Later in college, I vacillated between drunken megalomania and intellectual indignation with my fellow literature classmates. This stemmed from immersing myself in Nietzsche’s analysis of Dionysus in The Birth of Tragedy (Apollo was lame) and reading Blake and Rimbaud because they seemed more down to earth.
I told roughly 4,913 jokes about people on Facebook before turning the age of 20. I once openly questioned someone’s intelligence simply because they liked perusing YouTube for cute cat videos. I did not know at the time this was an actual job.
I opened Facebook, Twitter, Tumblr, Digg, Fark, Reddit, and Flickr accounts in May of 2009. Before that, I used to write on Blogger and use a Hotmail email account. I once wrote a Blogspot post in college about a drunken-driving excursion with one of my buddies. I included the name of the company he interned for in the post. Their HR department called him into their office the next day because they’d found the piece. He did not get fired.
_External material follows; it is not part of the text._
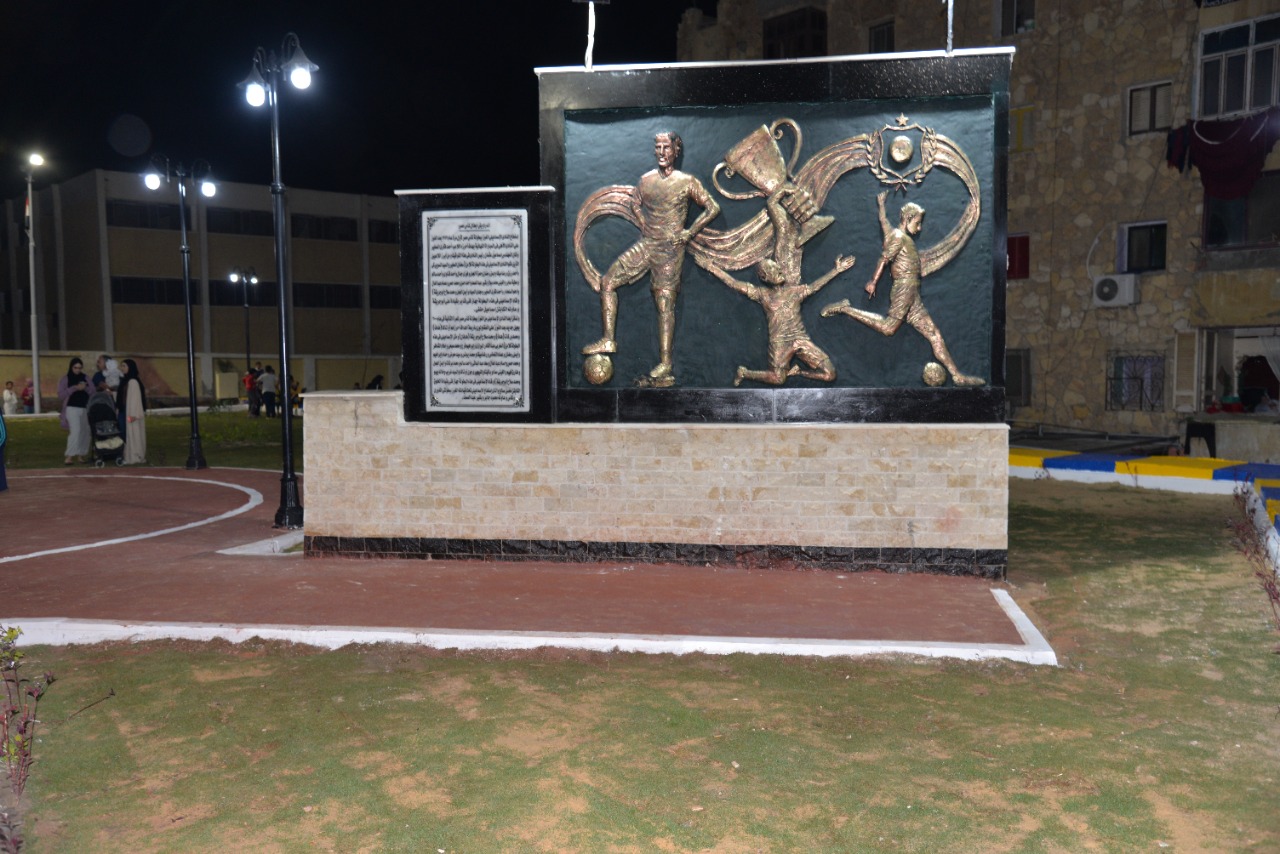يذكر أنه تم تصميم وتنفيذ النصب التذكاري بها ليحمل أسماء رموز الزمن الجميل للنادي الإسماعيلي.

I didn’t sign on to the Internet for six months after that. We’re still great friends.
I did not own a computer that could access the Internet from the years 2005-2009. In late 2009, when I bought my first new computer, a $450 Compaq, it had a version of iPaint that didn’t crop pictures. My first cell phone that had Internet access was purchased in that same spring. I had been out of college for almost 4 years.
Directly after college, I sputtered around D.C. for two years doing entry-level work as a call center rep and technical writer for my alum’s law school. Aching for a girl I still can’t get over even today, I moved up to New York City. I lived like Jay McInerney for the first two years, most of which I can’t remember. It is New York City, after all. In April of 2009, I got laid off from my sales job. I collected my unemployment and gave writing on the Internet another chance.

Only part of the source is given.